ORDER
On July 28, 1997, this court directed respondent, an attorney licensed to practice law in the District of Columbia, to comply with a subpoena duces tecum issued by Bar Counsel in connection with a pending investigation of respondent stemming from a client complaint. See D.C.Bar R. XI, § 18 (1997). In seeking reconsideration of that order, respondent contends that enforcement of the subpoena would compel disclosure of confidential information in violation of Rule 1.6 of the Rules of Professional Conduct (1997). Rule 1.6(d)(3), however, permits an attorney to reveal client confidences “[t]o the extent reasonably necessary to establish a defense to a ... disciplinary charge ... formally instituted against the lawyer, based upon conduct in which the client was involved, or to the extent reasonably necessary to respond to specific allegations by the client concerning the lawyer’s representation of the client.” Respondent argues that, to the extent this exception rests upon waiver of the attorney-client privilege by the client, cf. Wender v. United Serv. Auto. Ass’n, 434 A.2d 1372, 1374 (D.C.1981) (quoting Hearn v. Rhay, 68 F.R.D. 574, 581 (E.D.Wash.1975)), the client here effectively revoked the waiver by subsequently withdrawing the complaint against appellant. This argument is answered by D.C.Bar R. XI, § 19(e) (“Effect of settlement, compromise, restitution, or refusal to proceed”), which states: “Neither unwillingness nor neglect by the complainant to sign a disciplinary complaint or to prosecute a charge, nor settlement, compromise, or restitution, shall in itself justify abatement of an investigation into the conduct of an attorney.” Permitting the client to shut off the information available to Bar Counsel through simple “refusal to proceed” would be tantamount to abatement of an investigation into fitness in many cases. Cf. also SpendeR A. GaRD, Jones on Evidence § 21.2 (1994 Supp.) (“A waiver of confidence for privileged communications once made has conclusive effect and [the privilege] cannot again be claimed at a subsequent proceeding”); 1 John W. STRONG, McCoemick on Evidence § 93 at 347 (4th ed.1992).
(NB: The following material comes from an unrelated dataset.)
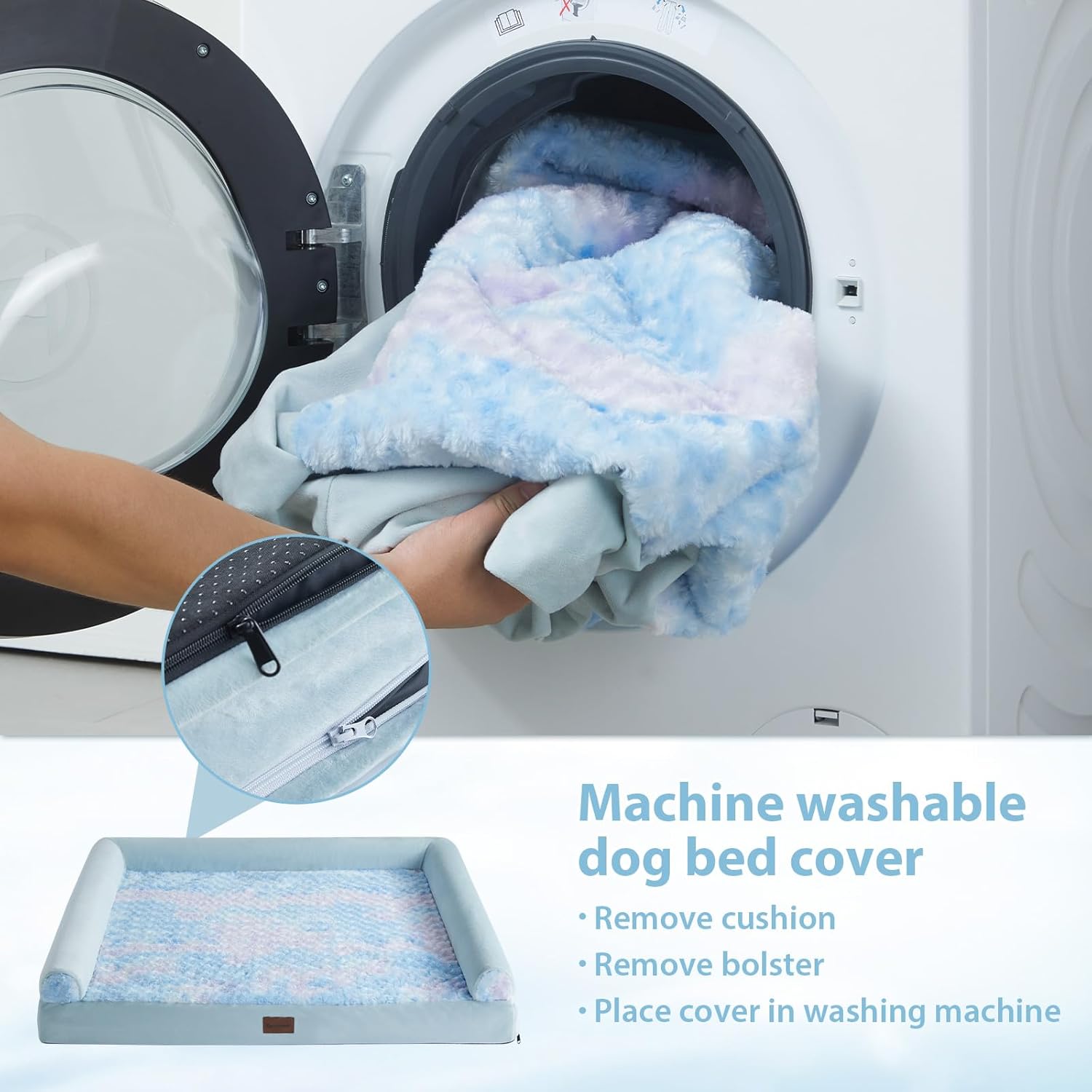 • WATERPROOF DOG BED & REMOVABLE DOG BED: The 3 side zippers on the dog bed cover make it easier to remove or put together for quick cleaning and easy care. The waterproof inner layer protects the egg foam from leaking urine and drool, allowing your puppy to use it with confidence at any time.

Respondent has not substantiated his additional claim that Bar Counsel’s subpoena is overbroad and amounts to a “fishing expedition.” We therefore reject that argument summarily.
The motion to reconsider is denied. Respondent shall produce all documents and files described in Bar Counsel’s February 4, 1997 subpoena and shall comply with the terms of that subpoena within 10 days of the date of issuance of this order.